In the material below, find the line with "泊頭市建新鑄造量具有限責(z" and the line with "El joropo integra", then output both and every line between them exactly, omitting pictures.

**Source information**.
- - - -
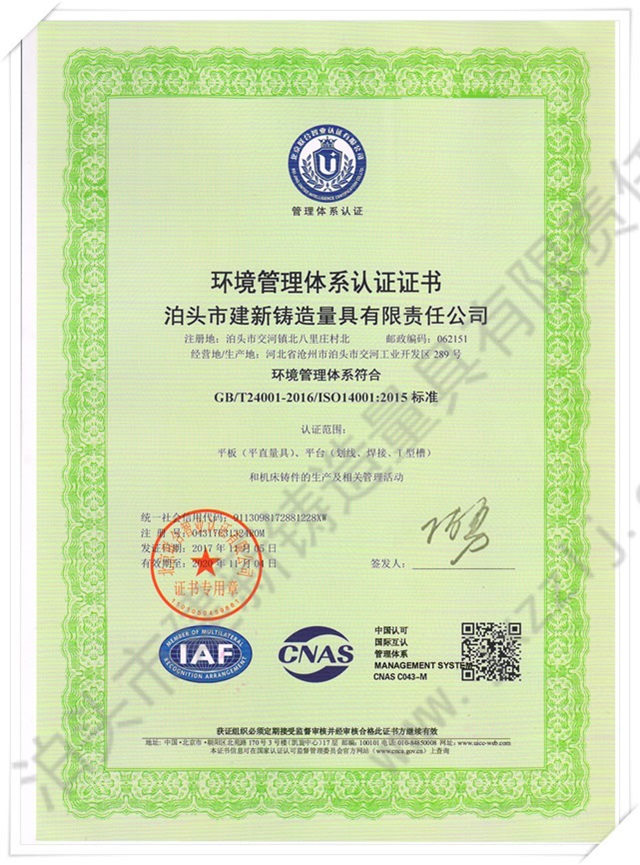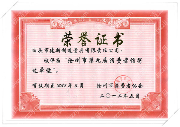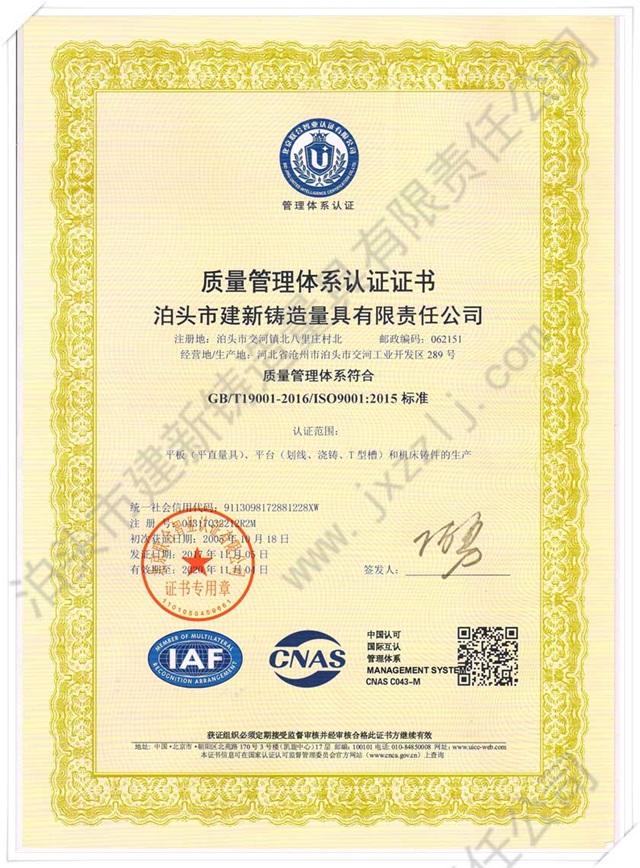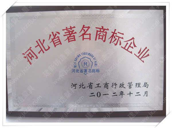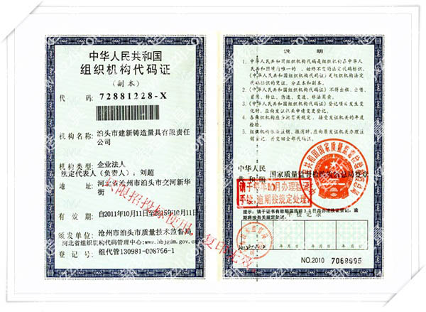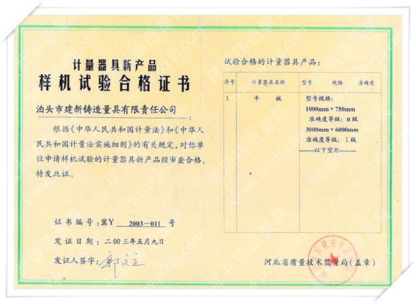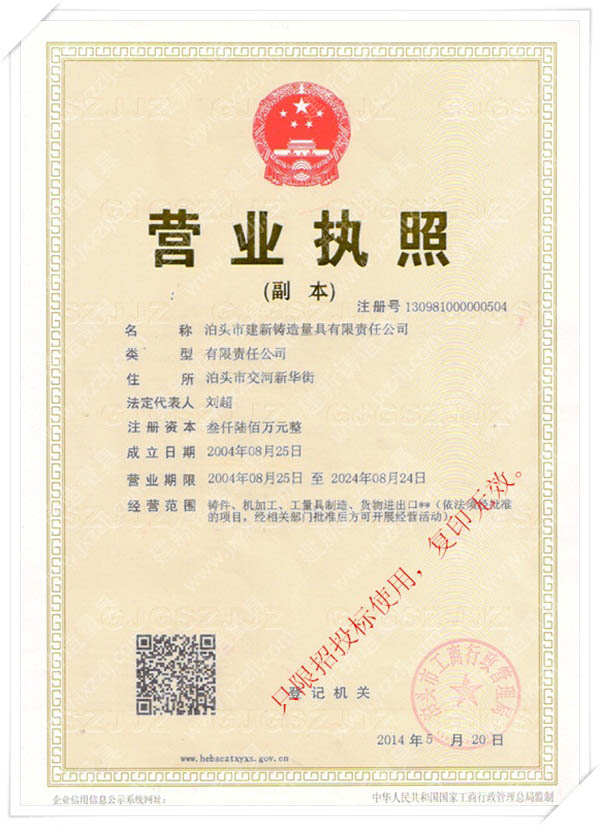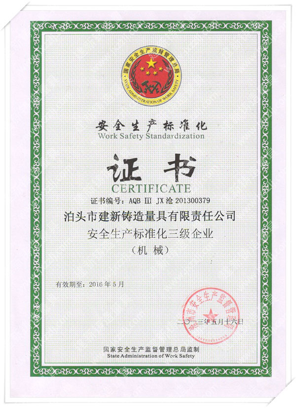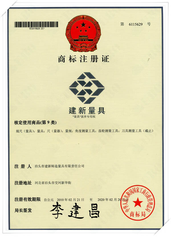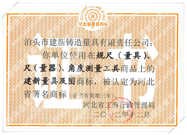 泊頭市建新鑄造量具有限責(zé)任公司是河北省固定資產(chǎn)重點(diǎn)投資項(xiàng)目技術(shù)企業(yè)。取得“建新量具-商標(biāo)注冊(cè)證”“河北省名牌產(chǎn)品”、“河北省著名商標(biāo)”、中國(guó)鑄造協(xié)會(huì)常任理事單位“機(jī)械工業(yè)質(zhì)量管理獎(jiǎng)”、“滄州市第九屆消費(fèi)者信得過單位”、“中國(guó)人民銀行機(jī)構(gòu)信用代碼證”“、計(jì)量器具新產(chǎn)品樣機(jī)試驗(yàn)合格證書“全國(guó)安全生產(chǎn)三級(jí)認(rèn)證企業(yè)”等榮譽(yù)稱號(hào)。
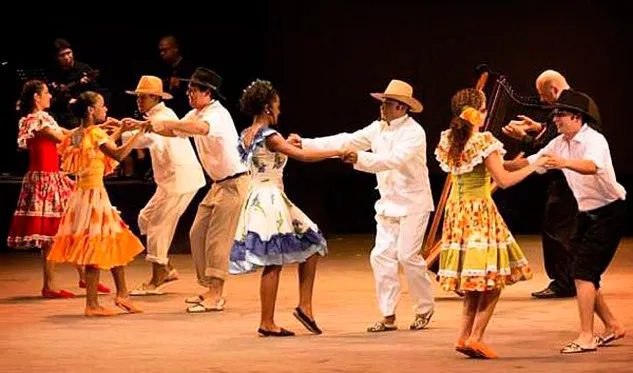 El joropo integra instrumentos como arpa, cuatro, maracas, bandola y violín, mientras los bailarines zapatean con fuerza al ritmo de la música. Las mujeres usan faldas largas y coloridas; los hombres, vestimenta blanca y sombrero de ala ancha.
- - - -
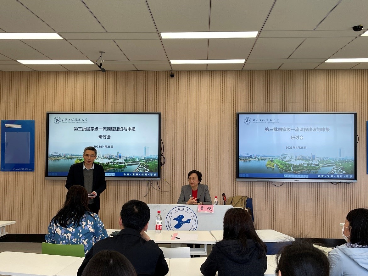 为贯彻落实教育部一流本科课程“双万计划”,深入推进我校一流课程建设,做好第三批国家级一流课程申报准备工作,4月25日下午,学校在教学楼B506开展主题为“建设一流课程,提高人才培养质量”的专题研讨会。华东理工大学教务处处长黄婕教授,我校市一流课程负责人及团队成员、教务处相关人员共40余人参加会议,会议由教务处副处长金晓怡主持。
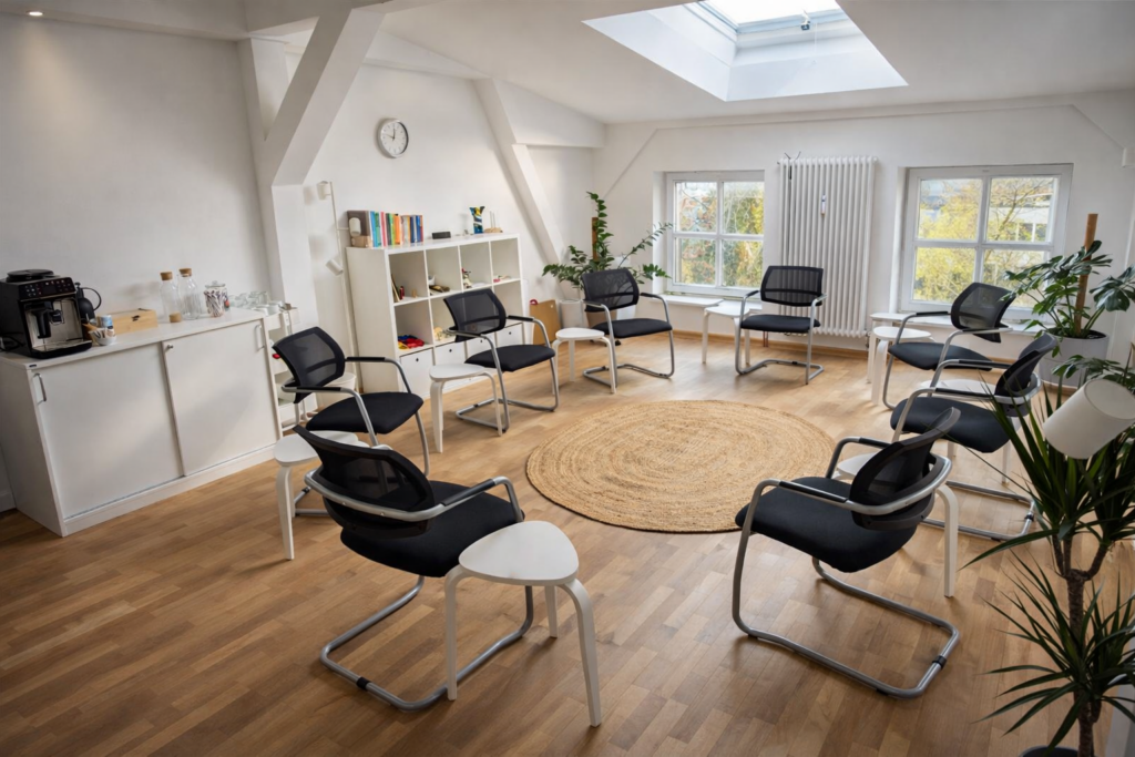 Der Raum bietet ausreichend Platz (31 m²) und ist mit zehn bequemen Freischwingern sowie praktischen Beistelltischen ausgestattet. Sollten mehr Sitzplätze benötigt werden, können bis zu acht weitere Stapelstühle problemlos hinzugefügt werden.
- - - -
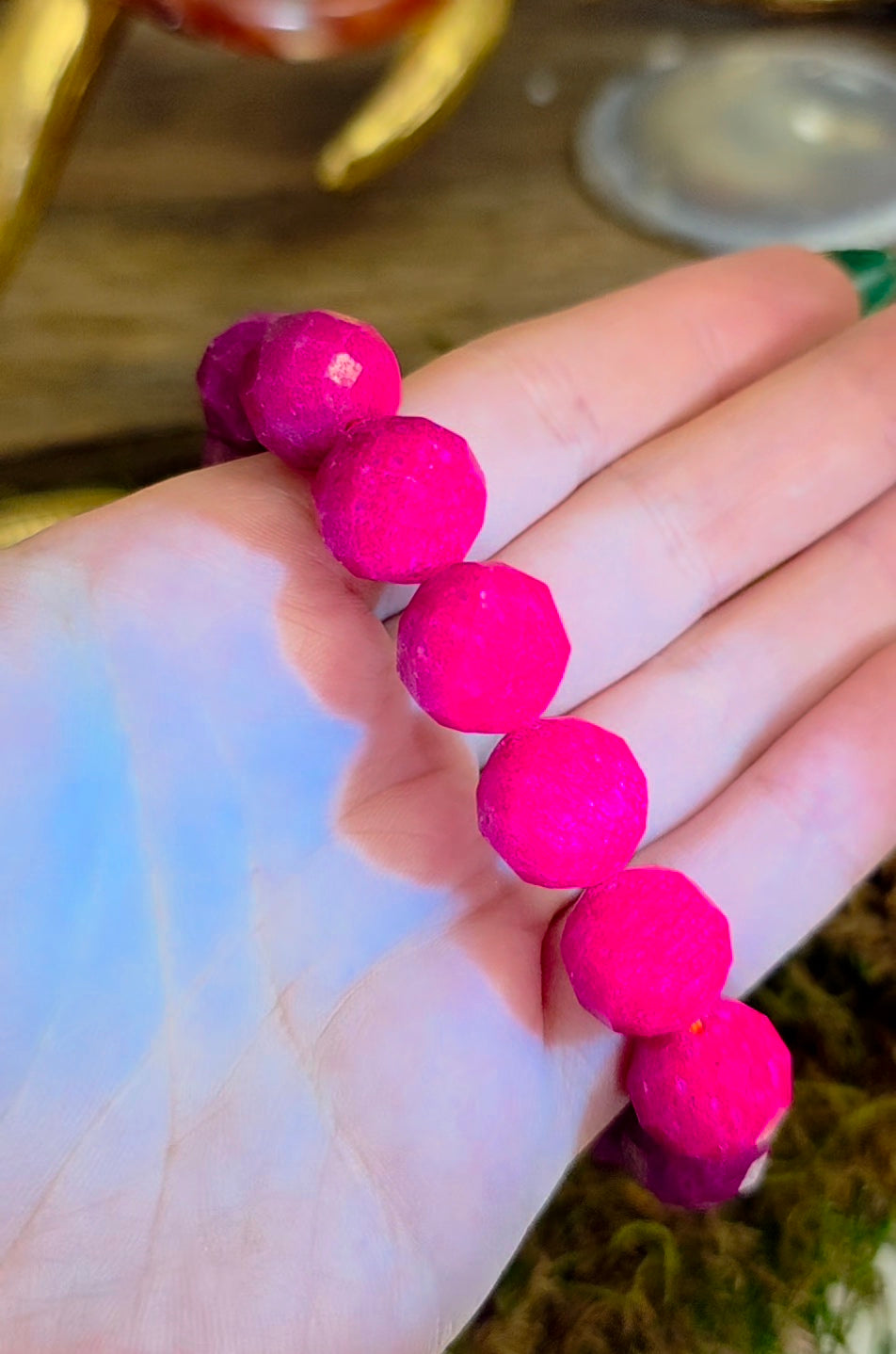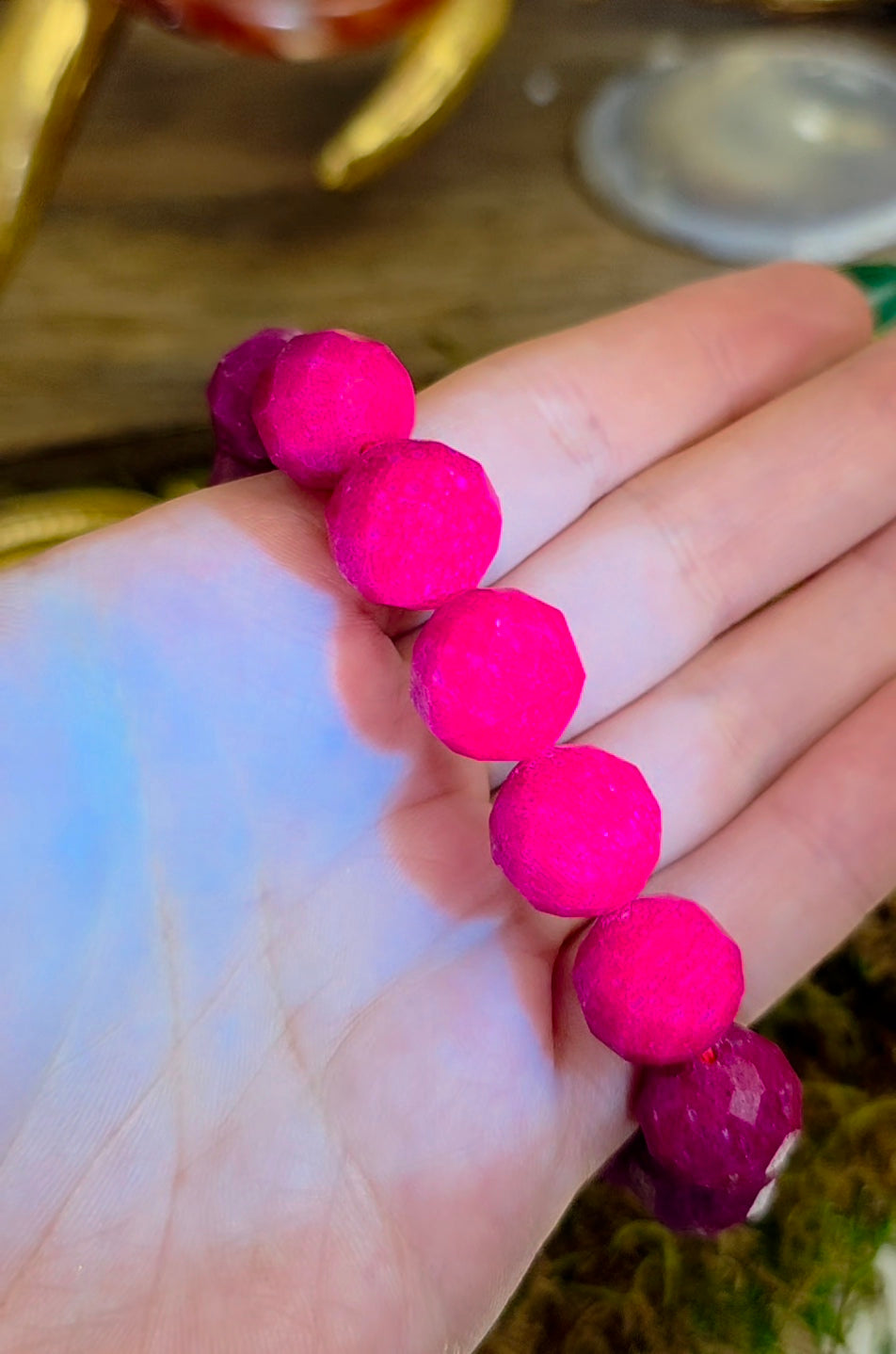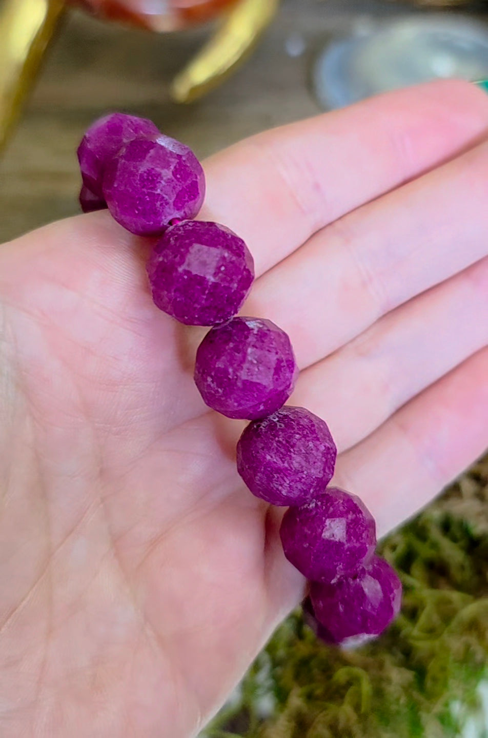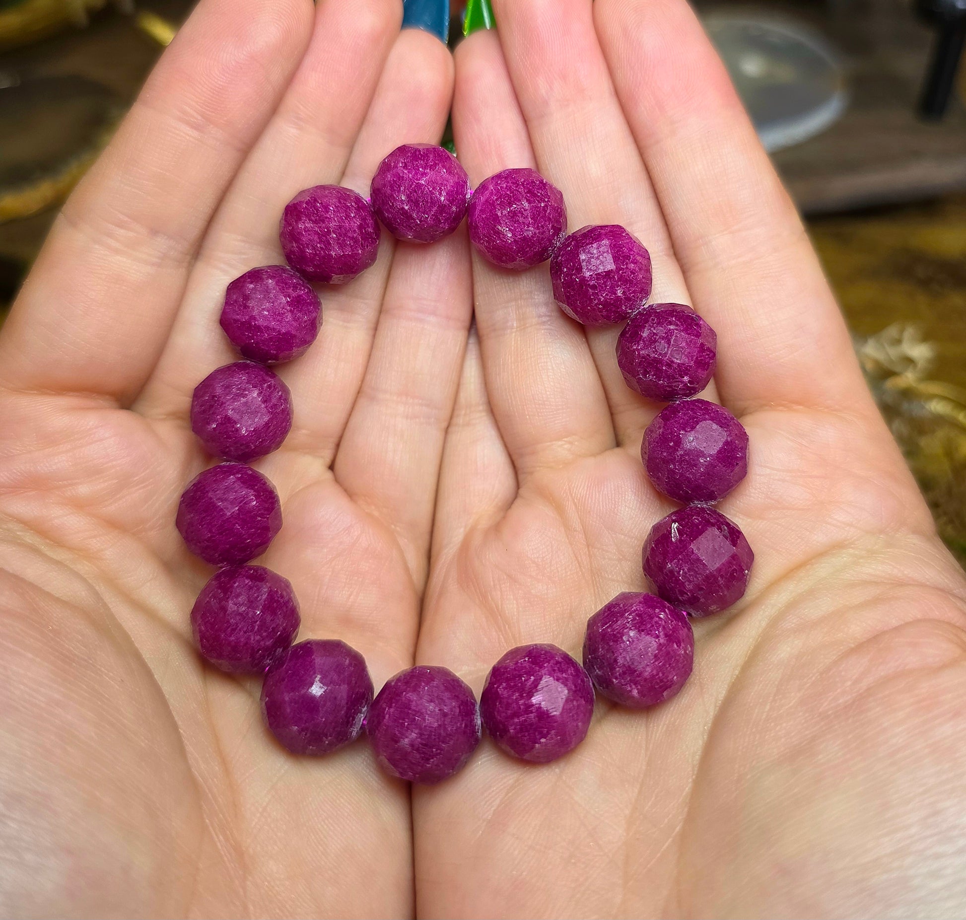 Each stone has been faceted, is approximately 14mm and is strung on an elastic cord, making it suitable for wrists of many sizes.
- - - -
**Response box**.
 泊頭市建新鑄造量具有限責(zé)任公司是河北省固定資產(chǎn)重點(diǎn)投資項(xiàng)目技術(shù)企業(yè)。取得“建新量具-商標(biāo)注冊(cè)證”“河北省名牌產(chǎn)品”、“河北省著名商標(biāo)”、中國(guó)鑄造協(xié)會(huì)常任理事單位“機(jī)械工業(yè)質(zhì)量管理獎(jiǎng)”、“滄州市第九屆消費(fèi)者信得過單位”、“中國(guó)人民銀行機(jī)構(gòu)信用代碼證”“、計(jì)量器具新產(chǎn)品樣機(jī)試驗(yàn)合格證書“全國(guó)安全生產(chǎn)三級(jí)認(rèn)證企業(yè)”等榮譽(yù)稱號(hào)。
 El joropo integra instrumentos como arpa, cuatro, maracas, bandola y violín, mientras los bailarines zapatean con fuerza al ritmo de la música. Las mujeres usan faldas largas y coloridas; los hombres, vestimenta blanca y sombrero de ala ancha.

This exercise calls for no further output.